Yeah windows 8 was terrible. Windows 11 was not that bad, enjoyed it a bit, except that nagging feeling I am being mined for data. But what killed it for me is the instabilities, my PC stuttered and froze like crazy, and all they say is do a clean install. So I clean installed, Mint that is
Welcome back, brother.
Thanks
Your arrival back home was foretold in the man files. All is as it should be.
I see windows being used by managers at work and I’m soo happy I invested time in Linux so I can run it on my daily machines. It’s something that pays off every single day.
Also on Mint, only real issue I’ve encountered was trying to get my old gaming mouse working… What a cold med fueled rabbit hole that was while home from work for a few days. I think I understand the issue now, which is there is nothing written into the distro itself to support more than a 3 button mouse, so I would need to write in custom USB inputs after mapping them from the device. Wanted it bad enough at the time to actually go and see if input detection was able to see the extra mouse buttons, and it could, so I finally launched a game and tried rebinding to buttons to test it, and it just worked… I think I rebuilt from a snapshot about 4-5 times in the whole process trying to make sure I hadn’t messed up something else up while trying suggested fix after suggested fix, and remembering I had issues with the initial setup of the mouse software on windows thanks to .NET Framework 3.5. I don’t need extra mouse buttons for my DE badly enough to go through the whole process of custom inputs if it works the way I need it to in game, but it’s nice to know I have a “rainy day” project if I need one.

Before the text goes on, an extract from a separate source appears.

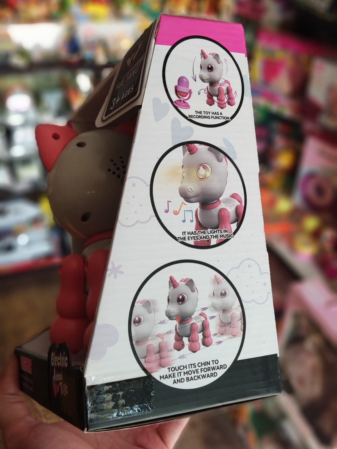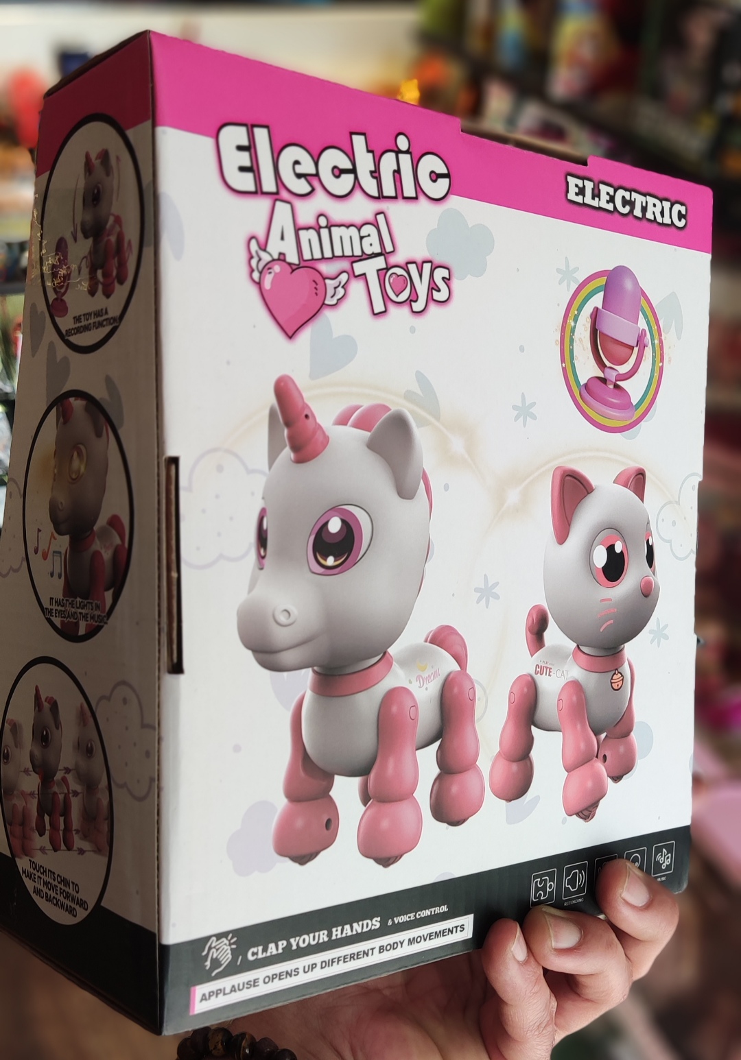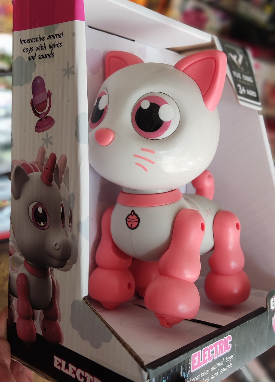 نیاز به دو عدد باطری قلمی دارد راه میره و تقلید صدا داره و سنسور تاچ دارد با لمس کردن زیر گردن واکنش نشان میدهد

So true about Linux improving more rapidly than Windows, it’s incredible how the ecosystem has evolved just in the last few years while windows doddles along investing their dev resources into adding cloud and AI into all they’re offering.
How many times do I have to tell them I’m not interested in their AI crap on my Win10 box? I didn’t use Cortana, I’m not going to use this. Just make it stop!
Welcome back.
This weekend I finally joined the club of folks that install Mint on their parent’s aging laptops. I’m a Nix/Arch user btw and am very impressed with the ease of use and flexibility that Mint brings to the table.
Yeah, it’s a nice almost out of the box and getting started distro. I have tried Arch and Manjoro about 8 years ago, not for me, nice customisation but it is really too bleeding edge with the rough edges that go with it. After trying a crap load of distros I like the boringness of Mint
Are you running Cinnamon? I was impressed with the customization options out of the box and had to stop playing with it as I wanted to keep things fairly plain. Looking forward to later dropping it on a burner laptop for my own twiddling.
Yeah cinnamon, they have the balance of just enough customisation if you want to fiddle and plain enough that a noob can just start working with it
Steam really is a chef’s kiss. It makes it so easy these days to play a lot of games on Linux. So easy!
Yeah, Steam really is an asset and ally to Linux gaming scene. So glad the steam deck worked out for them after their failed steam machine failure, shows they don’t give up on their vision but also change and adapt to come up on top.